La maquette : elle est à l'échelle 1/10e, indiquant le tracé général des plombs, la place de l'armature métallique qui maintient les différents panneaux, les taches de couleur, le détail des personnages, décoration, etc.
Le carton : c'est l'agrandissement de la maquette sans indication de couleur et précisant le réseau de plomb.
Le calque : permet de relever par transparence le dessin des lignes du carton, il déterminera la découpe des morceaux de verre. Les différents éléments sont numérotés
Le calibre : le calque est reporté sur un papier fort (ainsi que les numéros) qui est ensuite découpé soit à la lame si le dessin est géométrique, soit au ciseaux à trois lames permettant d’enlever une bande de papier dont la largeur est égale à l'épaisseur de l'âme du plomb.
La coupe du verre : il est coupé en fonction du calibre au moyen d'un diamant. On utilise un petit marteau (marteline) pour détacher le morceau en frappant sur la face opposé à la coupe à l'endroit du trait du diamant. Les imperfections sont corrigés avec une pince plate ou grugeoire, les arêtes vives sont polies afin d'éviter les coupures.
Les verres sont teintés ou blancs. La palette de couleur est étendue, les teintes se font le plus souvent dans la masse à l'aide d'oxydes métalliques, mais il existe d'autres techniques.
Chaque morceau est placé sur le calque pour suivre la progression du travail.
La peinture : Elle est appelée "grisaille". C'est un oxyde de cuivre finement broyé, selon les techniques délayé à l'eau, au vinaigre ou à la térébenthine. On y ajoute une petite quantité de gomme arabique ou d'essence grasse pour l'adhésion au verre. Il existe plusieurs couleurs de grisaille. Pour donner la teinte de la chair on applique sur le verso du verre un jaune d'argent ou un jaune orangé
Les plaques peintes doivent être cuites dans un four à une température de 630°. On compte 4 à 5 heures pour obtenir le degré voulu. Il faut ensuite attendre 24 h. avant de défourner pour éviter un refroidissement brutal qui casserait les plaques.

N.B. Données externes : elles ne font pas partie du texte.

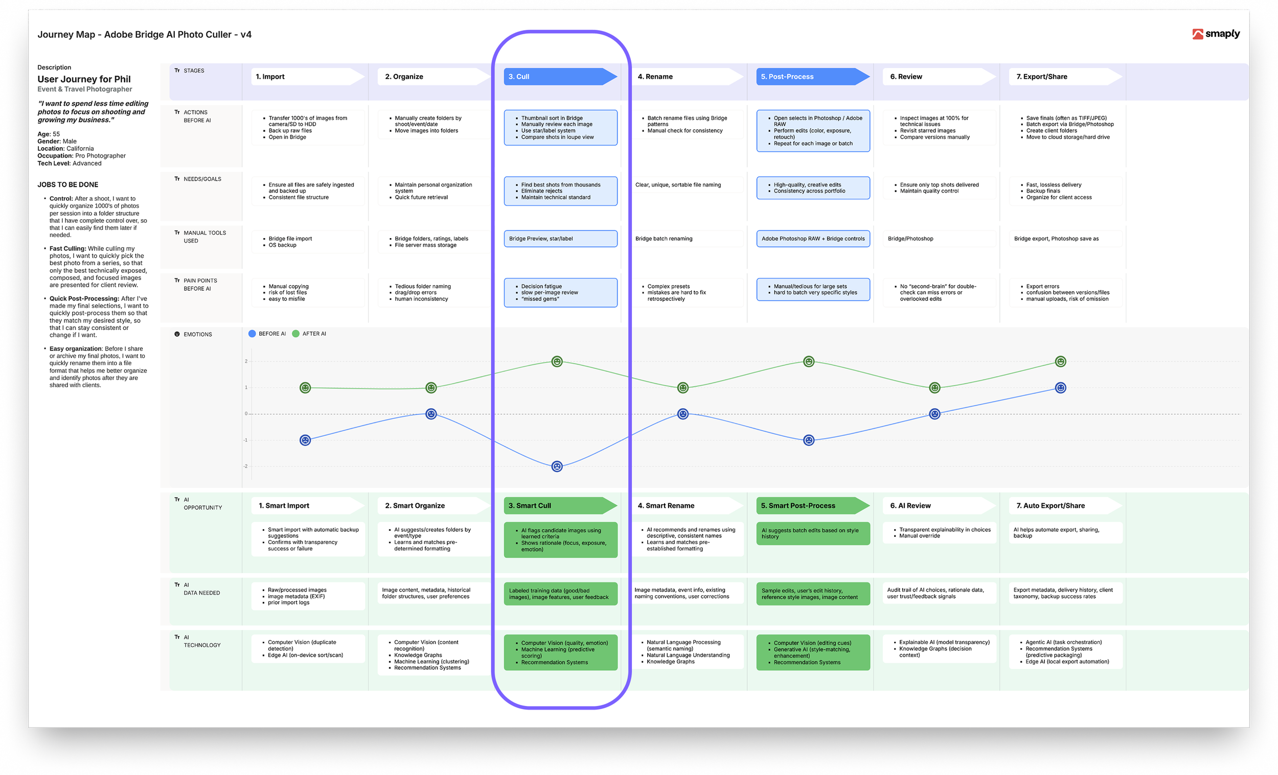 Below: I focused on Stage 3 - Culling (in purple highlight), as research indicated it was a major pain point that significantly impacted ROI related to users' emotions before and after AI implementation.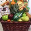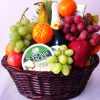A variety of fresh seasonal fruits, cookies, Perrier water, milk chocolates, candies, almonds and oatmeal cookies.
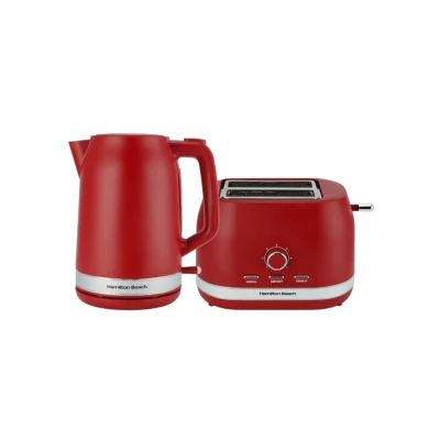 Hamilton Beach Ella Kettle & Toaster Set 1.7L Kettle, 2 Slice Toaster, Boil Dry Protection, Compact, 7 Browning Levels, Removable Crumb Tray HBELLAMR, Red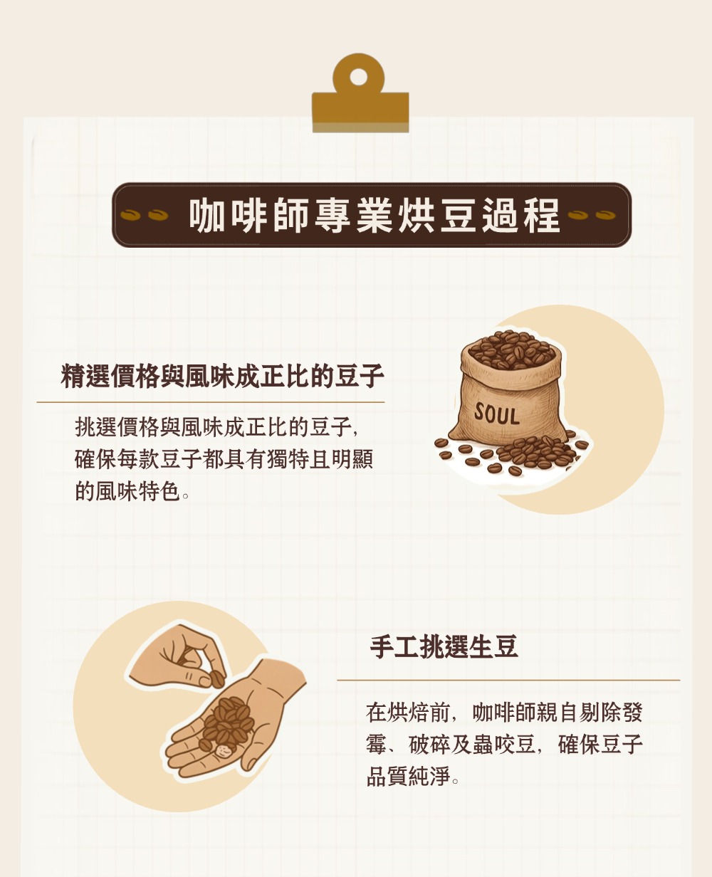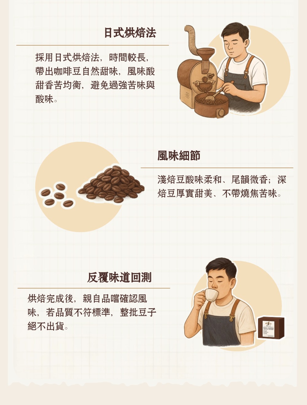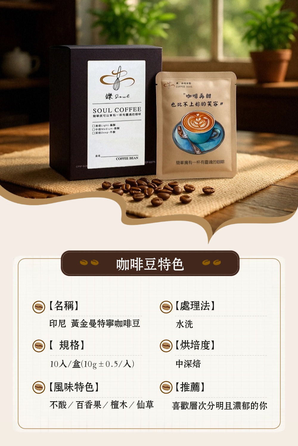 商品特色 商品規格 產地:印尼 處理法:水洗處理,風味乾淨純淨 烘焙度:中深焙,厚實醇香,苦甜平衡 風味特色:不酸,帶有百香果清新香氣,融合檀木沉穩韻味與仙草草本感 推薦族群:適合喜歡層次豐富、口感濃郁的你 專業烘焙:SCA 認證咖啡師,10年以上烘焙與教學經驗,嚴格控管品質 濾掛精品:便利即沖,完整呈現果香與草本調性,濃郁卻不失清爽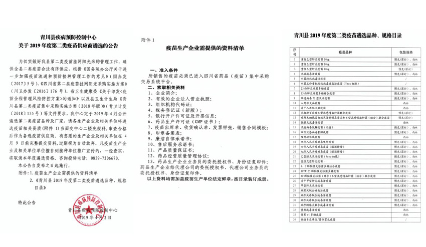青川县疾控中心2019年第二类疫苗供应商遴选公告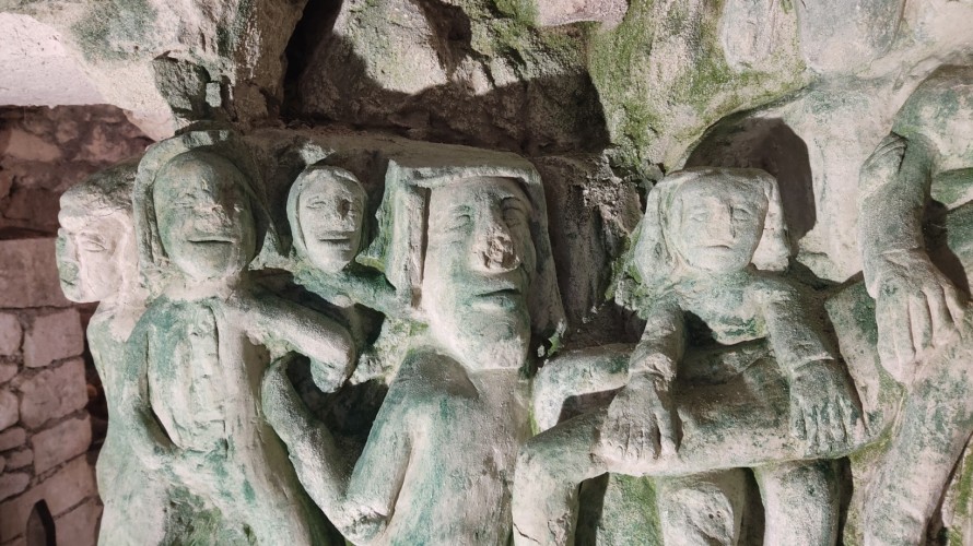 2021 RCF Anjou - Dans la cave aux sculptures de Dénezé-sous-Doué, les visages sont en train de disparaître peu à peu, victimes de l'humidité qui ronge le tuffeau.Faut-il sauver la cave aux sculptures de Dénezé-sous-Doué ? Le sujet divise les élus de cette petite commune de moins de 500 habitants. Découverte en 1956, cette cave est peuplée de centaines de personnages sculptés dans le tuffeau, dont l’origine reste mystérieuse.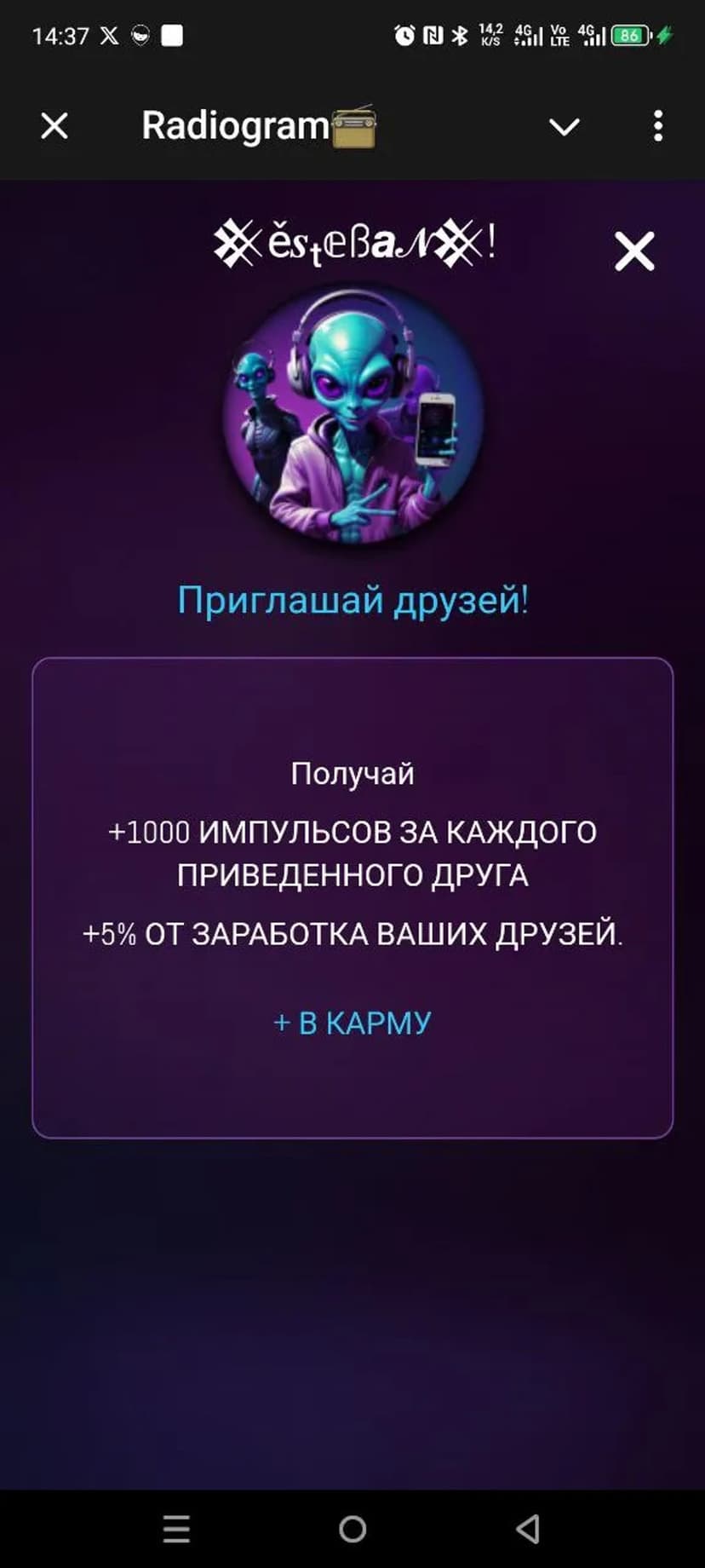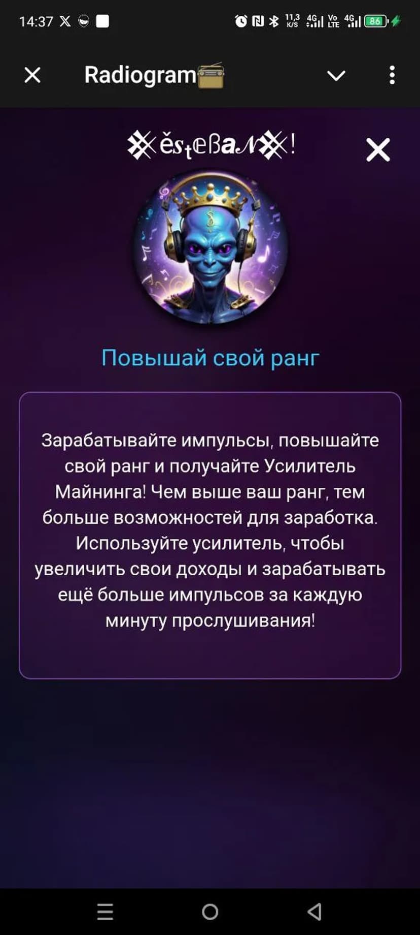 *Нажимая "Открыть в Telegram", вы перейдете к приложению Radiogram — Listen & Earn! в мессенджере Telegram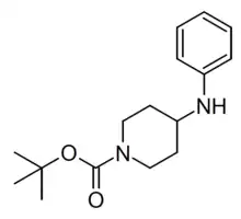 1-Boc-4-AP (tert-butyl 4-(phenylamino)piperidine-1-carboxylate) is a compound used as an intermediate in the manufacture of fentanyl, as well as various related derivatives such as butyrylfentanyl, furanylfentanyl, benzylfentanyl and homofentanyl, among others. It is an N-protected derivative of 4-anilinopiperidine which can be readily converted to fentanyl or related analogues in several straightforward synthetic steps. It was classified as a DEA List 1 Chemical in 2022, and is also controlled in various other jurisdictions. Its possession, sale and importation are consequently heavily regulated throughout much of the world.[1] 1-Boc-4-AP has also been identified as an impurity in other designer drug products, though it is unclear if it has any pharmacological activity in its own right.[2]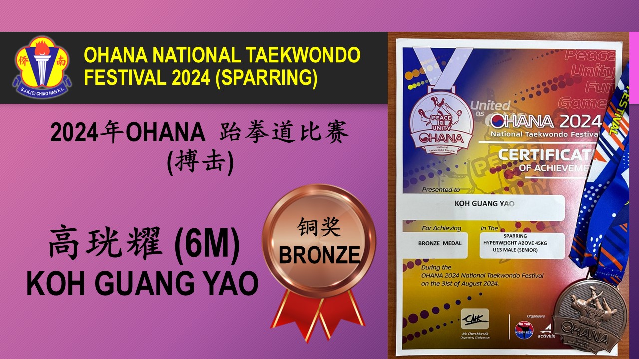 OHANA NATIONAL TAEKWON-DO FESTIVAL 2024 Post published:September 29, 2024 Post category:Event / News / Notice OHANA NATIONAL TAEKWON-DO FESTIVAL 2024 (PATTERN & SPARRING) ═─═─═─═─═─═─═─═─═─═─═─═─═ 恭喜来自6M的高珖耀同学在 套拳中荣获 及 搏击荣获为校增光。可喜可贺 #Congratulations Read more articles Previous Post美化与整洁校园行动Next Post2024年中秋节亲子灯笼制作比赛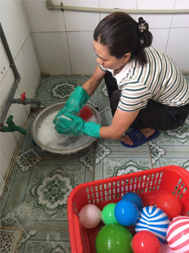 Công tác vệ sinh đồ dùng, đồ chơi của lớp NT1 trong phòng chống dịch bệnh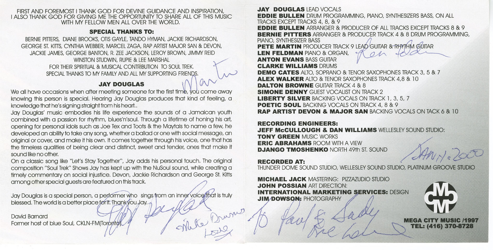 Bernie Pitters, Diane Brooks, Otis Gayle, Tando Hyman, Jackie Richardson, George St. Kitts, Cynthia Webber, Marcel Zaga, Rap Artist Major San & Devon, Jackie James, George Banton, R. Zee Jackson, Leroy Brown, Jimmy Reid, Winston Studmi, Rupie & Lee Marshal For their spiritual & musical contribution to Soul Trek

Le sertissage : chaque pièce est encastrée dans les baguettes de plomb, lorsque tous les plombs sont assemblés ils sont solidarisés en faisant fondre un peu d'étain à chaque intersection.
Pour des raisons de solidité la surface d'un panneau de vitrail n'excède jamais 1m2. Au-delà de cette surface le vitrail est divisé au moyen de tiges métalliques (barbotières, pannetons et feuillards).